In the midst of conflict or frustration and the challenging situations in life, the person she was could get lost. Her actual loss, now, is a sharp reminder of how close I came at times to losing that… to missing her, and seeing her behavior instead.
I’m glad I came to (mostly) see her, especially over the last several years, as she became more comfortable in her skin and thus, at times, more difficult. Because despite the fog that could hide her when she was being difficult, she was worth seeing. Worth looking for.
Worth the trouble sometimes involved in loving her.
Like I hope I am.
So what’s the point? And, my encouragement to you? Keep your focus on what’s important. Who people are is important; much of how they act, and a whole lot of what you have to do, really isn’t when measured against what truly is. Like, really seeing the people in your life, not just being busy around them, or with them, or doing for them.

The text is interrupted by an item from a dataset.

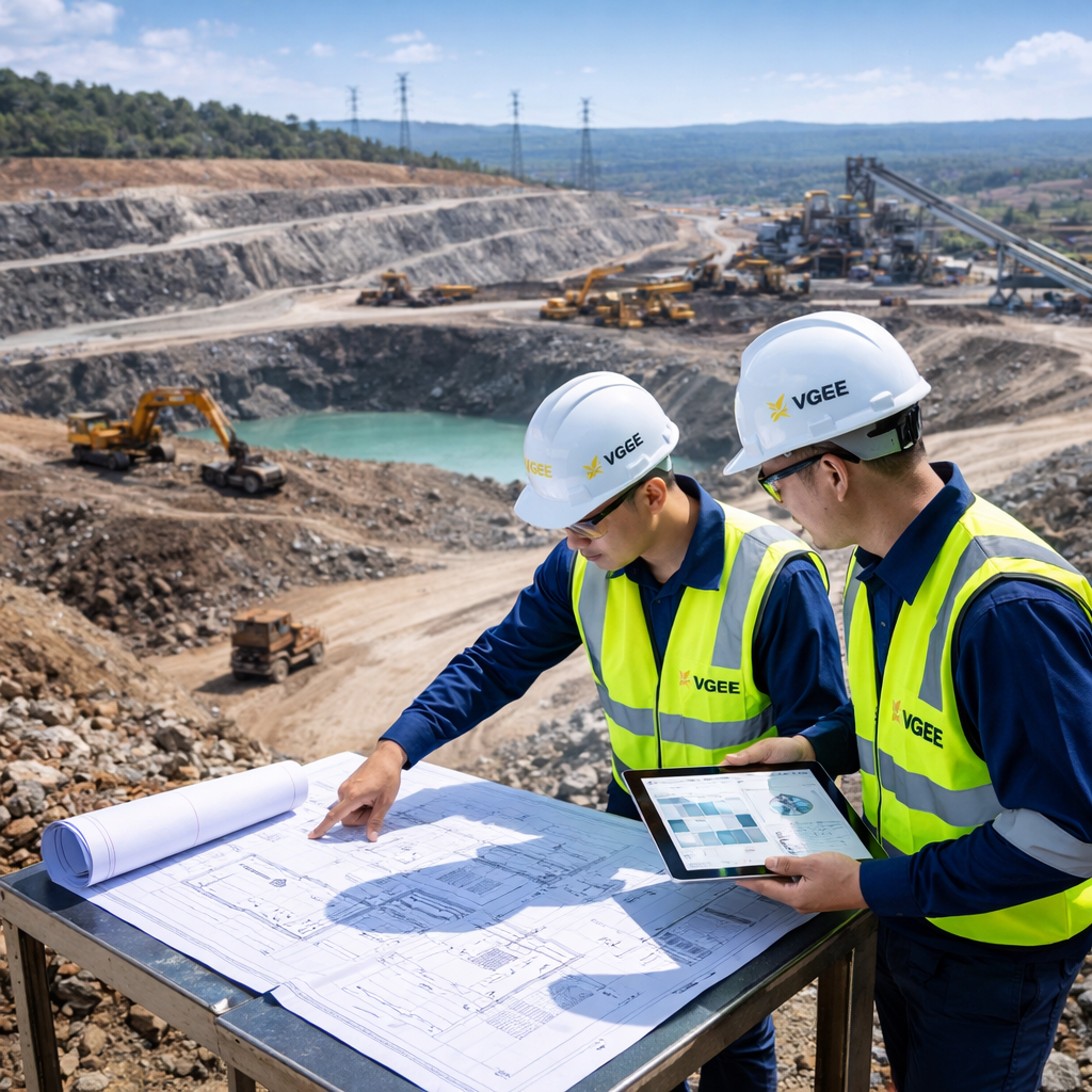 VGEE provides construction management support, site coordination, contractor interface management, and commissioning oversight for mining infrastructure projects. Safety management and environmental compliance are embedded throughout project execution.

I hope I remember this again. I hope I let it change me in profound, real ways.
Because you just never know.
Finally, I’ve included a second closing for your consideration: a note from my daughter to her grandmother, who masterfully summed up a complex and enigmatic human being with the following:
RIP Grandma. You will never be forgotten: your humor, sailor’s mouth, generosity, and loving heart. Your sad lack of ability to cook, but unworldly ability to bring humor and love… even into your last days… even if you didn’t know it. Haha! Say hey to the gang up there; I’ll even let you take Knight (a horse she loved who also died suddenly last year) for a spin around the pearly gates. We love you; I love you. You will be missed, Dragon Lady (a title mom inherited from her mother and grandmother before her, and wore with pride and humor).
Love ya, mom. I’ll miss you for sure.